Rencontre avec Eric Ripert, le chef français triplement étoilé du Bernardin, à New York, lors du palmarès de « La Liste », classement des 1 000 meilleurs restaurants du monde.
2e ex-aequo avec le japonais Kyubey, ça méritait le voyage depuis New York ?
Oui, c'était important d'être ici, au Quai d'Orsay, pour soutenir La Liste de Philippe Faure, qui est dédiée à la promotion de la gastronomie française dans le monde. Elle ne fait pas concurrence au Michelin, ni aux 50 Best. Ce petit nouveau qui vient d'arriver permet à tout le monde d'avoir sa voix au chapitre, car son classement est basé sur un algorithme de 500 avis de clients différents.
Vous avez plus peur d'une critique dans le New York Times ou sur le Michelin ?
Les deux sont importants, et chacun paie ses additions. Le New York Times est très respecté aux Etats-Unis, et le Michelin nous récompense de 3 étoiles depuis 10 ans pour le travail qu'on fait au Bernardin, où je suis associé avec Maguy Le Coze.
Pourquoi n’avoir jamais ouvert d’autres restaurants ?
J'ai essayé à Grand Cayman et à Philadelphie, mais ça ne m'a pas plu. J'y ai perdu ma créativité en pensant au développement, et je me suis dispersé dans des problèmes de salles, de fournisseurs et de comptabilité. Je n'ai pas d'égo par rapport à ça. Ouvrir un restaurant à Paris et prendre l'avion une fois par mois pour superviser une brigade que je ne connais pas, ça ne marcherait pas. Moi, je ne fais pas de business, je fais de la cuisine.
Est-ce facile de faire de la cuisine française aux Etats-Unis ?
Oui, les Américains sont devenus experts en gastronomie. Pourtant, la cuisine française est un peu moins à la mode en ce moment, à Manhattan, même si les restaurants tricolores sont toujours pleins. Chez nous, il faut un mois pour avoir une table car nous sommes considérés comme le meilleur restaurant de poissons du pays, avec un prix moyen est de 135 € à midi et 220 € le soir.

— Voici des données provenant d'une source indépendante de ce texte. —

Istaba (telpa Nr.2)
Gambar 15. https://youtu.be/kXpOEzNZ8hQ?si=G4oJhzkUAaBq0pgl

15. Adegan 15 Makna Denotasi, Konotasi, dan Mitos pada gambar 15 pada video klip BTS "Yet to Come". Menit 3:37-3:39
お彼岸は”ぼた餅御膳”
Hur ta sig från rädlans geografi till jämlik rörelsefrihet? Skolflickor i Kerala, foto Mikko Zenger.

Il faut sortir des clichés sur la gastronomie et les Américains.
Eric Ripert
C’est quoi le goût américain ?
Ça n'existe pas, il faut sortir des clichés trop faciles. Chaque région a ses spécialités, son propre terroir, il n'y a pas une cuisine américaine uniforme. Par exemple, Washington DC est orienté vers les saveurs marines alors que la Californie est axée sur les beaux produits grâce à sa terre très fertile et son climat ensoleillé. Et le label bio est un argument très important aux Etats-Unis.
Etre chef et beau garçon, c’est utile ?
C'est bon pour la télé, mais ça n'aide pas en cuisine ! Mon équipe veut juste savoir comment faire pour confectionner un croissant, une sauce hollandaise, et bien enlever les arêtes dans un filet de poisson. Je préfère vous parler de la Légion d'Honneur qui m'a été décernée au consulat français de New York par le collectionneur d'art Daniel Wildenstein, c'est une vraie fierté pour moi.

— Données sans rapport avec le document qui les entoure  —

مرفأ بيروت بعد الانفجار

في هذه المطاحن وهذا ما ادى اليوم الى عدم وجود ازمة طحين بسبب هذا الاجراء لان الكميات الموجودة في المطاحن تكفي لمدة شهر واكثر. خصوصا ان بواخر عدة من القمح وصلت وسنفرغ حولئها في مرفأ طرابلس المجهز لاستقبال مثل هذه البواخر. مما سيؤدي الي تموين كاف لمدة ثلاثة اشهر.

Quel est le concept de votre émission télé, « Avec Eric », sur la chaîne publique PBS ?
L'idée, c'est d'aller à la source du produit pour trouver une source d'inspiration. On a gagné 2 Emmy Awards malgré mon accent français très prononcé. Par exemple, on commence à tourner dans la cuisine du Bernardin avant d'aller visiter un ostréiculteur japonais. C'est très interactif…
Eric Ripert en dates
A 52 ans, le chef s'est forgé un beau parcours professionnel. Cet Antibois entre à l'Ecole Hôtelière de Perpignan avant de rejoindre la Tour d'Argent puis Joël Robuchon. En 1989, il tente l'aventure américaine en travaillant pour Jean-Louis Paladin, précurseur des grands cuisiniers français outre-Atlantique. Et c'est en 1994 qu'il reprend les rênes de Gilbert Le Coze, au Bernardin, pour en faire le meilleur restaurant de poissons des Etats-Unis. Depuis, il croûle sous les récompenses…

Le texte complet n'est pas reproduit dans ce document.